As e-commerce growth tapers off from the heights seen during the COVID-19 pandemic, digitally-native brands are faced with the question of where to go from here. Merchants have numerous avenues at their disposal to bring their brands to market. But which channels are worth the investment?
Choosing the right creative channels to market and sell your products is no longer a question of who is in control of what. Just 10% of U.S. consumers start their product discovery journey using a brand’s website. While managing channels directly has its advantages, it’s more important that a channel is capable of reaching its intended audience.
The pivot currently underway towards wholesale selling is a clear sign that the limits of the ‘go it alone’ approach are being felt. There is significant power in brands moving past the idea of ‘owned’ channels and working to maximize convenience and discovery opportunities for consumers. Rather than diluting the brand experience, expanding beyond D2C enables merchants to bolster their brand ecosystem and build more touchpoints with potential customers.
At the same time, it’s vital that brands continue to leverage the strengths of direct-to-consumer retail. The ability to connect with consumers directly to deliver personalized experiences, ask for feedback, and invest in loyalty initiatives is more valuable than ever as growing digital competition makes it harder to stand out from the crowd.

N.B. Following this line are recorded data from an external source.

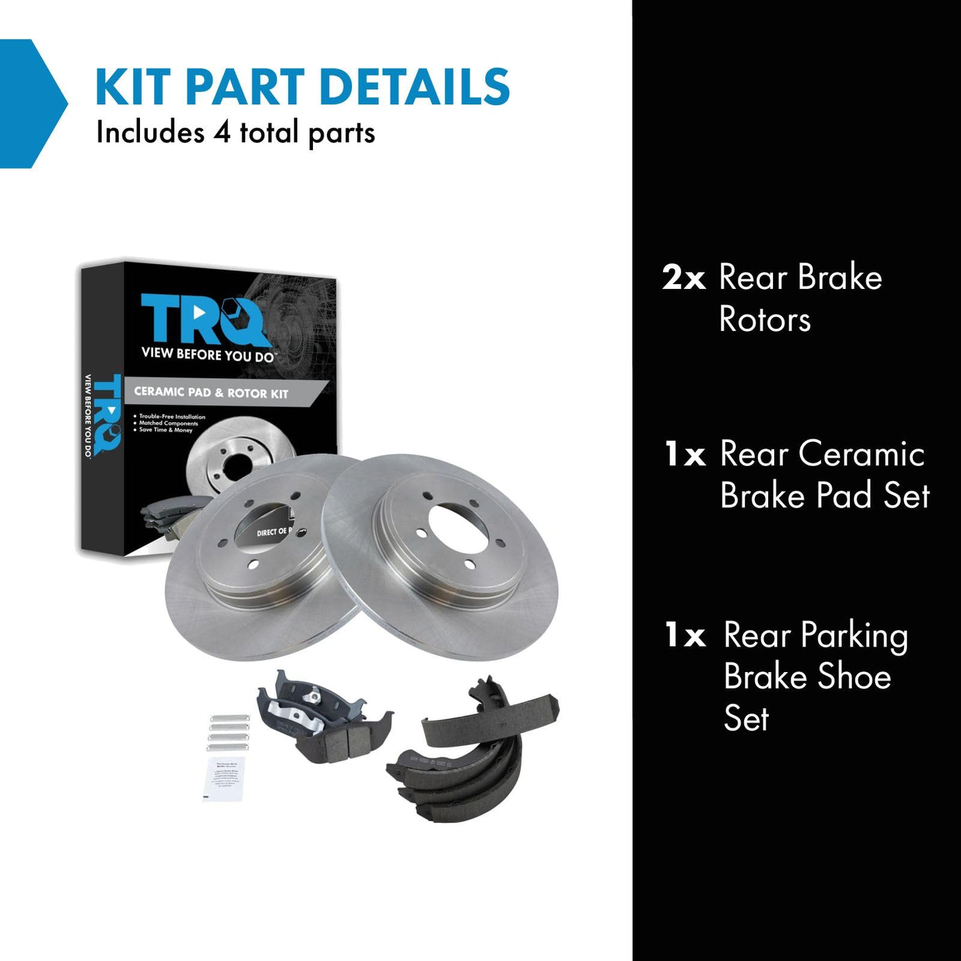 Ceramic Brake Pad & Rotor KitKit Includes(1) Rear Ceramic Brake Pad Set(1) Rear Parking Brake Shoe Set(2) Rear Brake RotorsFitmentCompatible with: 2003-05 Lincoln Aviator Rear with Parking ShoesProduct AttributesBrake Pad Friction Material: CeramicProduct Features Positive Molded - Less dust resulting in clean wheels G3000 Casting Alloy - Reduced noise and improved wear resistance Application Specific Design - Extended service life, no modificationsItem DetailsTRQ brake kits are designed to restore your brake system to like-new performance. TRQ brake pads are positive molded, thermal scorched, chamfered, and utilize a multi-layer shim for enhanced performance and service life. TRQ rotors have a non-directional finish that reduces the break-in period for new rotors as well as reducing vibrations throughout the rotors lifecycle. All products are fit and road-tested in our Massachusetts R&D facility to ensure we deliver on our promise of Trusted Reliable Quality.Reference NumbersAimco: 54116Bendix: PRT5453DuraGo: BR54116Ford: 1L2Z2648AA, 6L2Z2648ALincoln: 1L2Z2648AA, 2C5Z2200AAMercury: 1L2Z2648AA, 6L2Z2648ARaybestos Brakes: 680167, 680167FZN, 680167P, 680167R, PGD952MWagner: BD126121
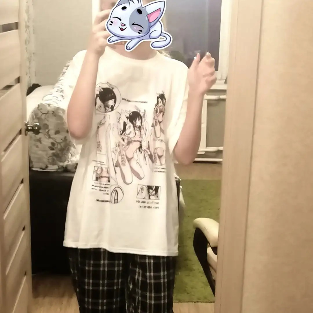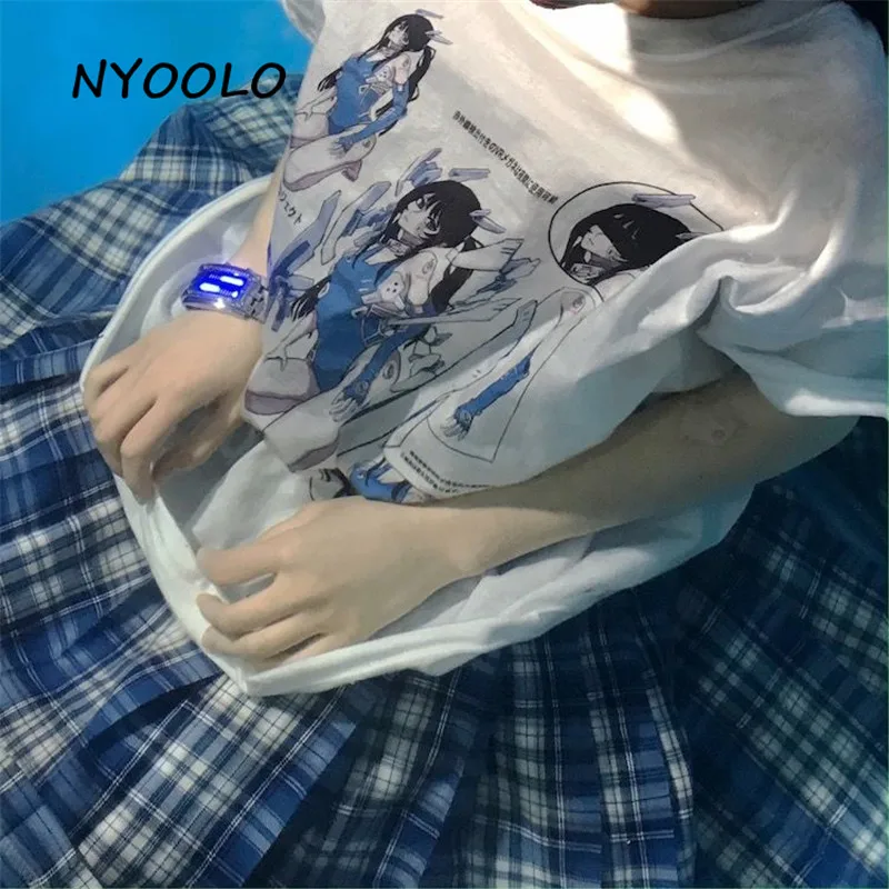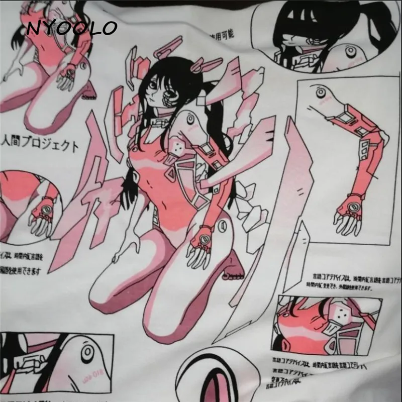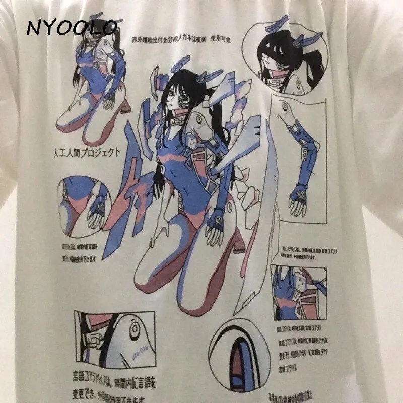 Женская футболка с коротким рукавом NYOOLO, летняя футболка с круглым вырезом и надписью Harajuku в стиле аниме
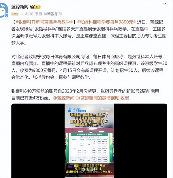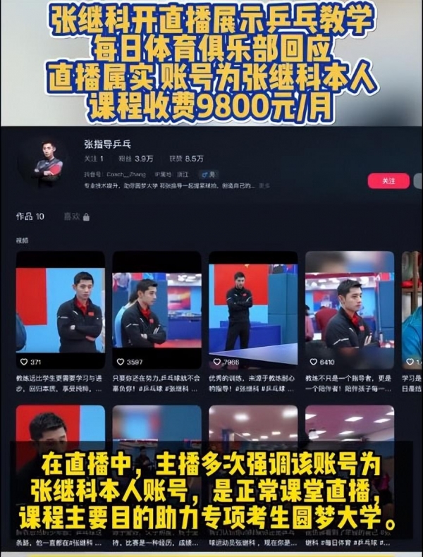 根据记者致电宁波每日体育有限公司询问,对方回应是张继科本人账号,并且直播内容属实。至于张继科直播教学的课程,范围是针对乒乓球专项考生的高级课程班,而该班级拥有学生30人,收费为9800元每月。
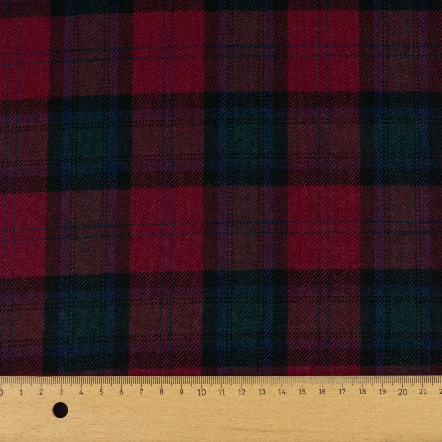 Wollstoff, Buntgewebe, dunkelrot, schwarz, dunkelgrün, dunkelblau, Schottenkaro
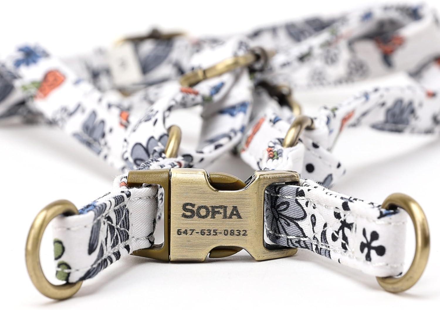 Customizable engraving: Personalize your dog's harness with engraved details on the brass buckle, be it their name, your contact information, or any text of your choice, ensuring they're always identifiable and safe.
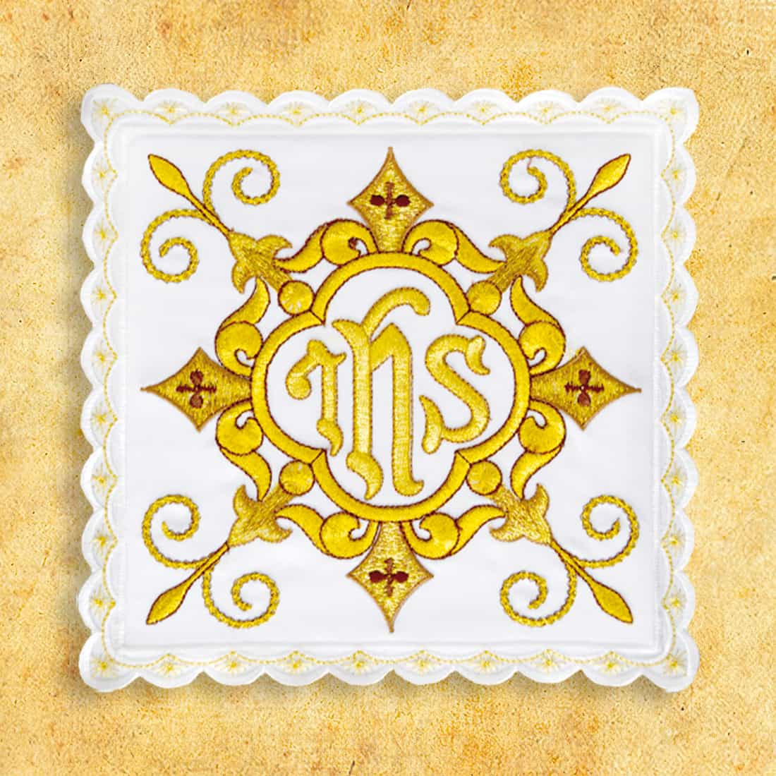 White embroidered palka no. 15 is an elegant and richly decorated element of chalice linen, made of high-quality white liturgical fabric. The central motif is a golden IHS monogram, surrounded by a symmetrical ornamental composition in a classical style. The golden threads used in the embroidery give the whole piece a solemn and noble appearance, while the white fabric symbolizes the purity and holiness of the Eucharist.lt;/p>
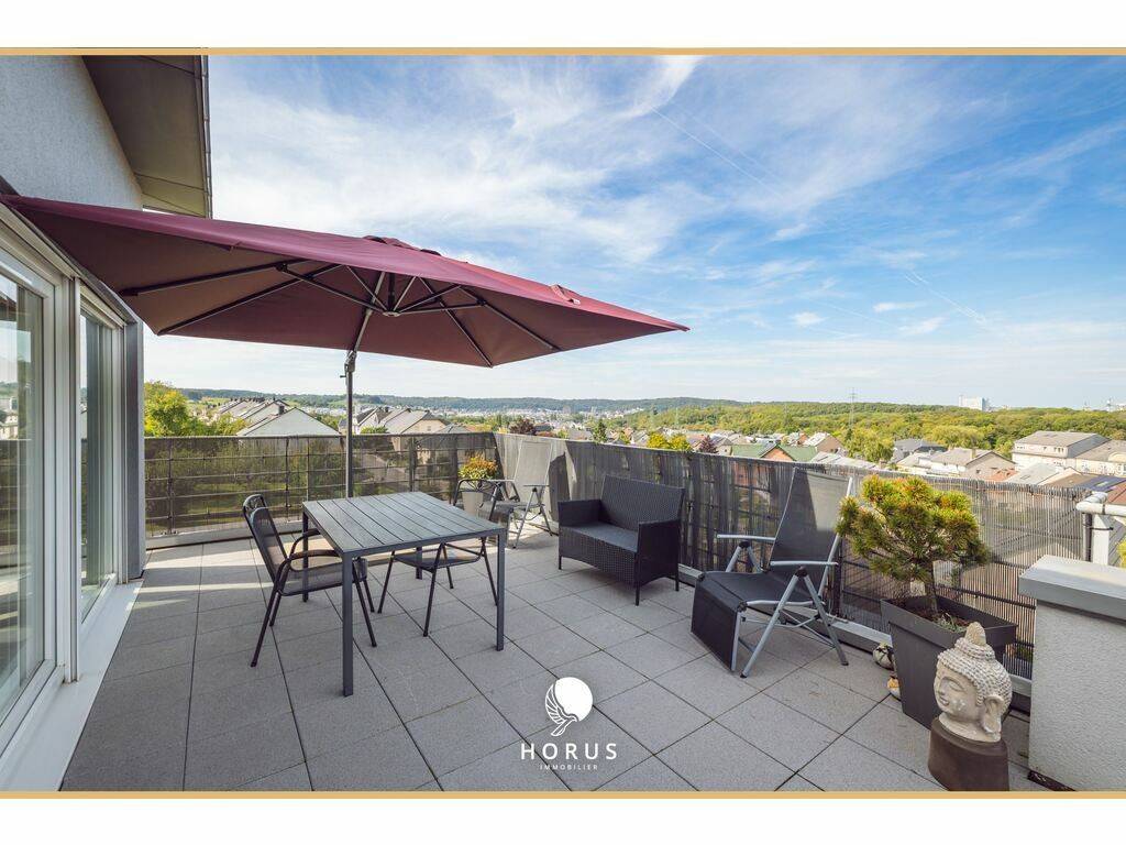 HORUS Immobilier exclusively offers for sale this penthouse of approximately 117m², spread over the 2nd and 3rd floors of a residence with 6 units in Soleuvre, benefiting from direct access via a private elevator and a 360° panoramic view, in absolute tranquility.
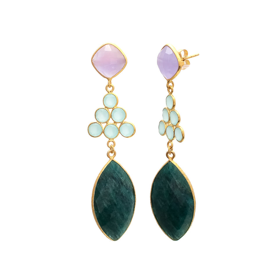 ต่างหูห้อยที่สวยงาม ต่างหูชุบทอง ชุดพลอยอะควา ชาเคลดอนี่ อเมโซไนต์ และทัวร์มาลีนสําหรับผู้หญิงและเด็กผู้หญิง
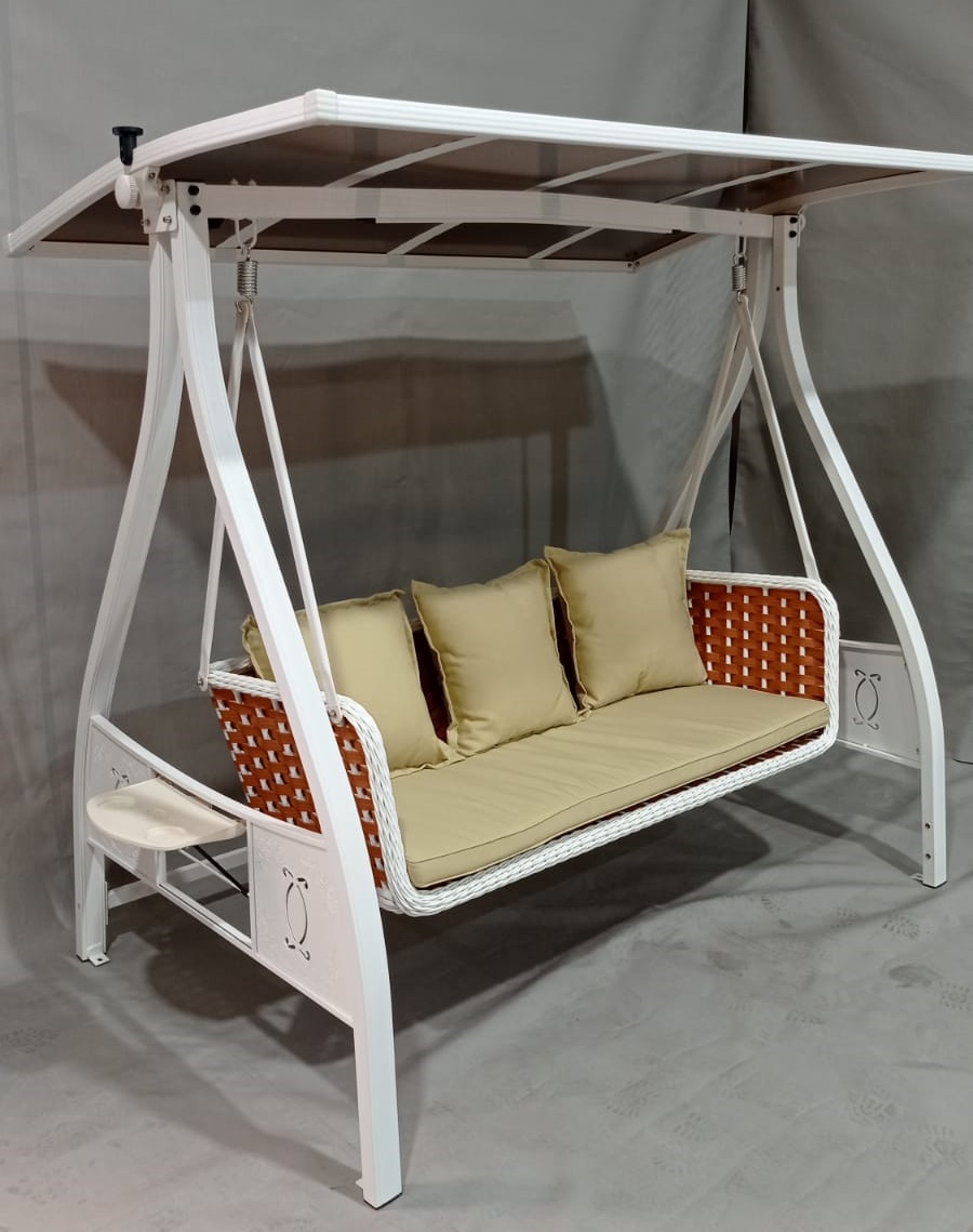 נדנדת ישיבה 3 מקומות קלאסית ונוחה בשילוב פאנל סולרי שנטען מהשמש ומנורת לד , בעלת 3 מקומות ישיבה נוחים ומרופדים, עשויה מאלומיניום , בעלת גגון העשוי מפוליאסטר הניתן לכיבוס, מבנה הנדנדה בצבע לבן ומגיעה עם מדפי צד לכוסות
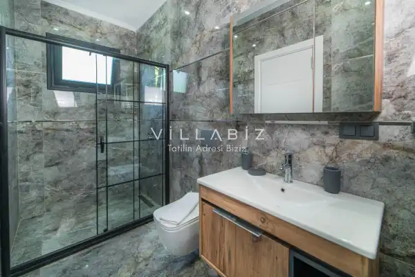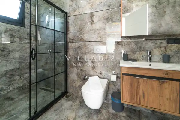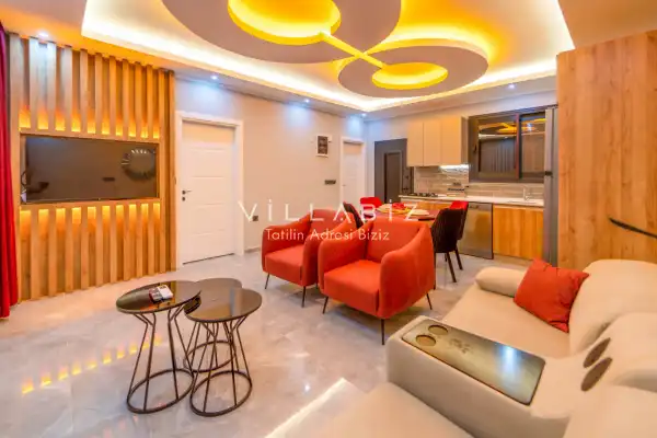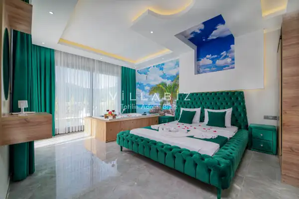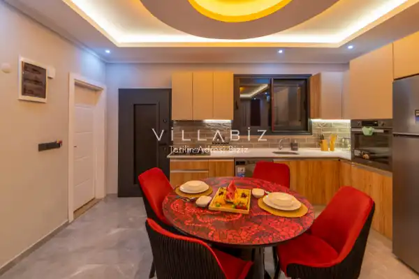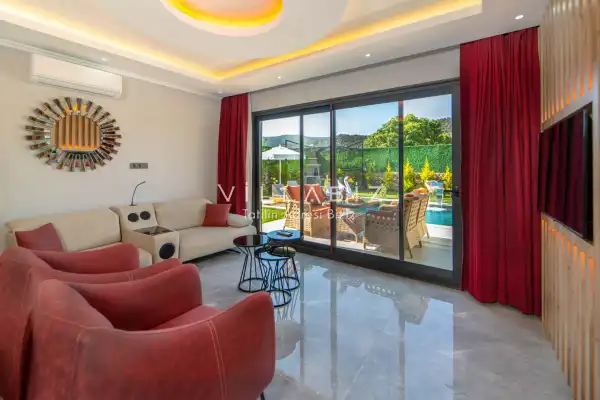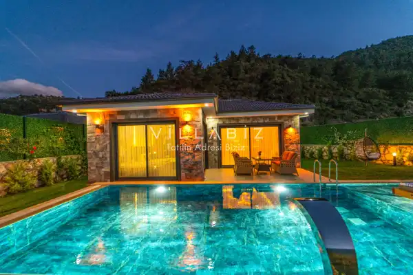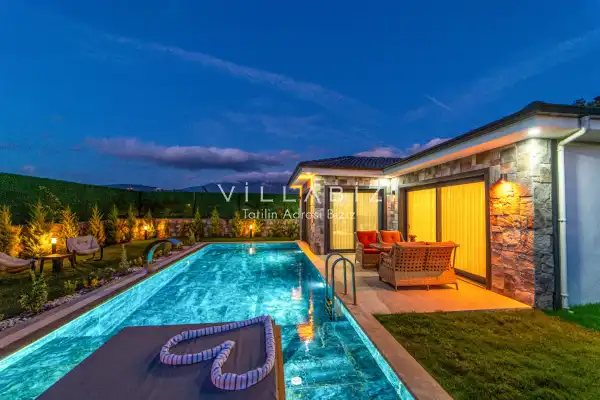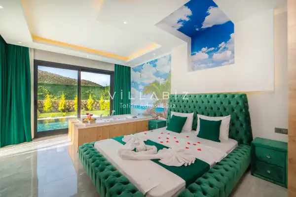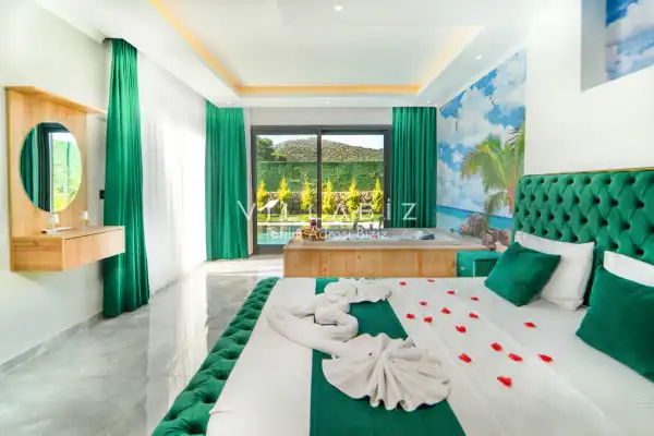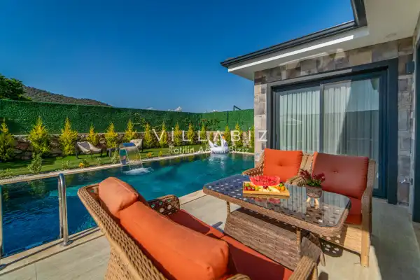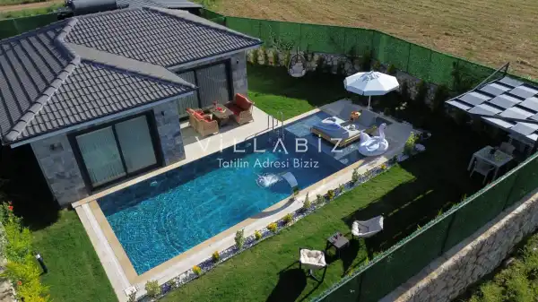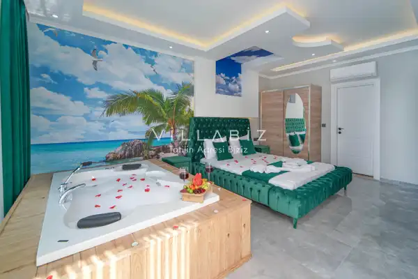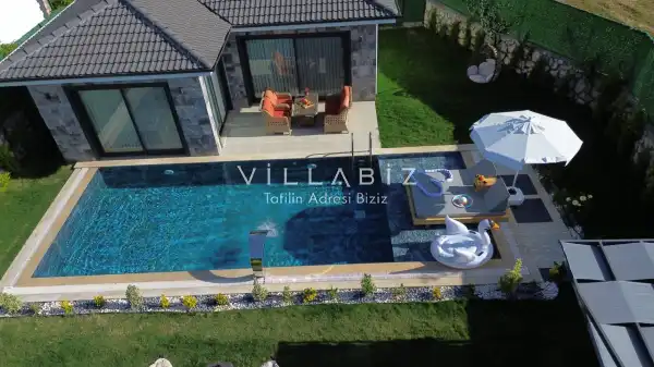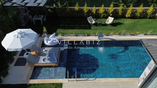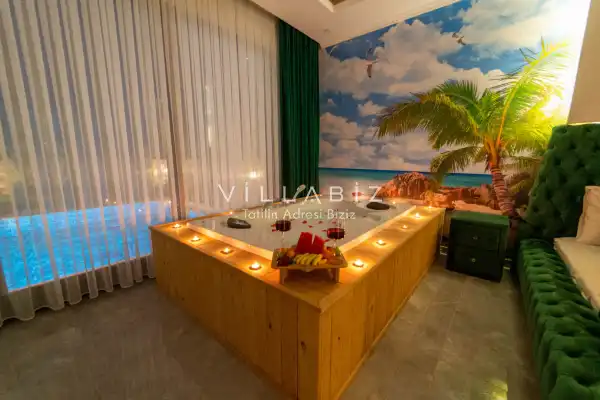 Villamız 2 kişilik kapasiteye sahiptir ve 1 yatak odası yer alır. Villanın 2 banyosu ve jakuzisi mevcut. Açık mutfağı ve kendine ait bahçesinde bir havuzu var. Mutfağında bulaşık makinesi, buzdolabı, ankastre fırın, tost makinesi ve mutfakta ihtiyaç olan hemen hemen bütün gereçler bulunuyor. Barbekü, masa, sandalyeler, şezlonglar ve şemsiyeler bahçe keyfini sınırsız yaşamanıza imkan tanıyor. Salonunda oturma grubu, televizyon, eşyalar bulunurken, tüm odalar için ayrı klima imkanı var.

Research from Glossy and Modern Retail demonstrates how D2C brands are reckoning with a retail landscape influenced by growing saturation and shrinking investment. Their 2022 survey of D2C brands found that 80% of respondents expect wholesale activity to grow, while just 62% are confident in direct retail revenue increasing.
It’s clear that D2C e-commerce brands need to adapt or face becoming irrelevant as customers choose to interact with brands beyond the digital storefront. In an increasingly multi-channel retail environment, every additional channel represents new opportunities to connect with customers and build brand equity.
The path to creative channel expansion will not always be intuitive or easy for merchants. Maintaining the right infrastructure to manage your channels is a key investment to ensure your business can construct a full brand ecosystem of engagement efforts that complement each other, rather than a patchwork of channels that lack visibility and coordination.
The evolution of brand interactions online means that e-commerce represents far more than just a single channel, paving the way for D2C brands to augment the digital experience. A streamlined combination of direct sales, wholesale, and resale initiatives presents shoppers with an abundance of ways to interact with brands, while investing in post-purchase channels such as email and SMS helps to shorten the path to the next purchase.
Monitoring the success of your existing channels and speaking to customers is an important first step to help you understand where gaps exist in the brand experience and which creative channels can play a role in filling them. As consumer shopping habits continue to shift, staying in the loop with how consumers want to engage with brands online is key to staying relevant and maintaining your competitive edge.
By viewing creative channel expansion as an opportunity for more robust customer interaction, rather than just a way to boost short-term sales, brands can build more sustainable sources of revenue and foster increased trust in their customers.